1993 FIBA European League Final Four

Tournament details
- Arena: Peace and Friendship Stadium Piraeus, Attica, Greece
- Dates: April 1993

Final positions
- Champions: Limoges CSP (1st title)
- Runners-up: Benetton Treviso
- Third place: PAOK
- Fourth place: Real Madrid Teka

Awards and statistics
- MVP: Toni Kukoč

= 1993 FIBA European League Final Four =

The 1993 FIBA European League Final Four, or 1993 FIBA EuroLeague Final Four, was the 1992–93 season's FIBA European League Final Four tournament, organized by FIBA Europe.

Limoges CSP won its first title, after defeating Benetton Treviso in the final game.

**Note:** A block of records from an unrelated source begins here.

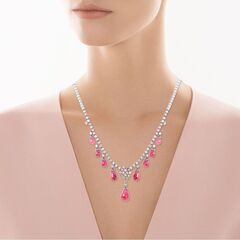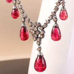 Золотое колье 750 пробы, камни - бриллиант цветной огранка круглая 57 граней - 66шт. вес 7.67 карата, турмалин - 9шт. вес 42.43 карата
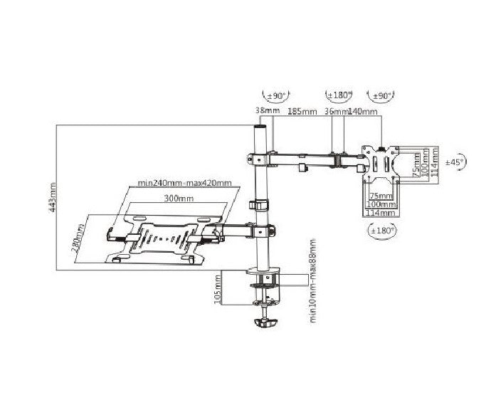 Brateck Economical Double Joint Articulating Steel Monitor Arm with Laptop Holder Fit Most 13'-32' Monitors, Up to 8kg/Screen VESA 75x75/100x1009
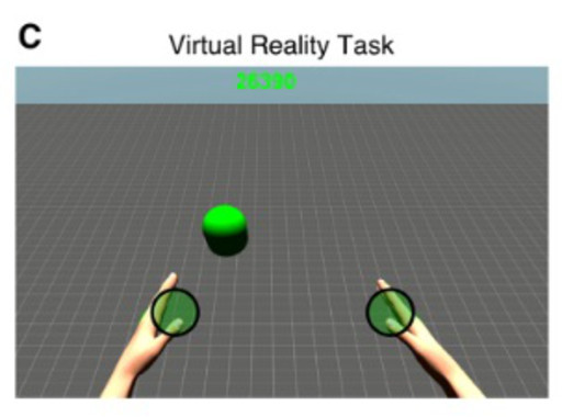 En el experimento, en varios bloques de ensayos, se solicitó a los participantes con diagnóstico de accidente cerebrovascular hemiparético que alcanzaran objetos que aparecían en un entorno virtual.
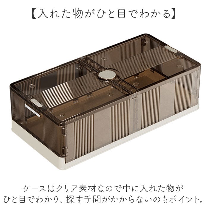 ・ケースはクリア素材なので中に入れた物がひと目でわかり、探す手間がかからないのもポイント。

It was the first time a French team was the European champion.

== Final ==

| Starters: |  |  | P | R | A |
| PG | 4 | ITA Marco Mian | 5 | 3 | 3 |
| SG | 11 | USA Terry Teagle | 19 | 4 | 0 |
| SF | 7 | CRO Toni Kukoč | 14 | 5 | 3 |
| PF | 12 | ITA Alberto Vianini | 2 | 3 | 0 |
| C | 15 | ITA Stefano Rusconi | 13 | 15 | 0 |
| Reserves: |  |  | P | R | A |
| PG | 6 | ITA Massimo Iacopini (C) | 2 | 4 | 0 |
| C | 10 | ITA Nino Pellacani | 0 | 3 | 0 |
| SG | 13 | ITA Germán Scarone | 0 | 0 | 0 |
Head coach:
CRO Petar Skansi

| 1992–93 FIBA European League Champions |
|---|
| FRA Limoges CSP 1st title |

| Starters: |  |  | P | R | A |
| PG | 9 | SLO Jure Zdovc | 9 | 1 | 3 |
| SG | 5 | FRA Jimmy Vérove | 3 | 2 | 0 |
| SF | 8 | USA Michael Young | 18 | 7 | 1 |
| PF | 14 | FRA Jim Bilba | 15 | 8 | 0 |
| C | 15 | FRA Willie Redden | 6 | 10 | 1 |
| Reserves: |  |  | P | R | A |
| PG | 4 | FRA Frédéric Forte | 4 | 1 | 2 |
| PF | 7 | FRA Richard Dacoury (C) | 3 | 4 | 0 |
| C | 13 | FRA Franck Butter | 1 | 4 | 1 |
Head coach:
FRY Božidar Maljković

== Awards ==
=== FIBA European League Final Four MVP ===
- CRO Toni Kukoč (ITA Benetton Treviso)

=== FIBA European League Finals Top Scorer ===
- USA Terry Teagle (ITA Benetton Treviso)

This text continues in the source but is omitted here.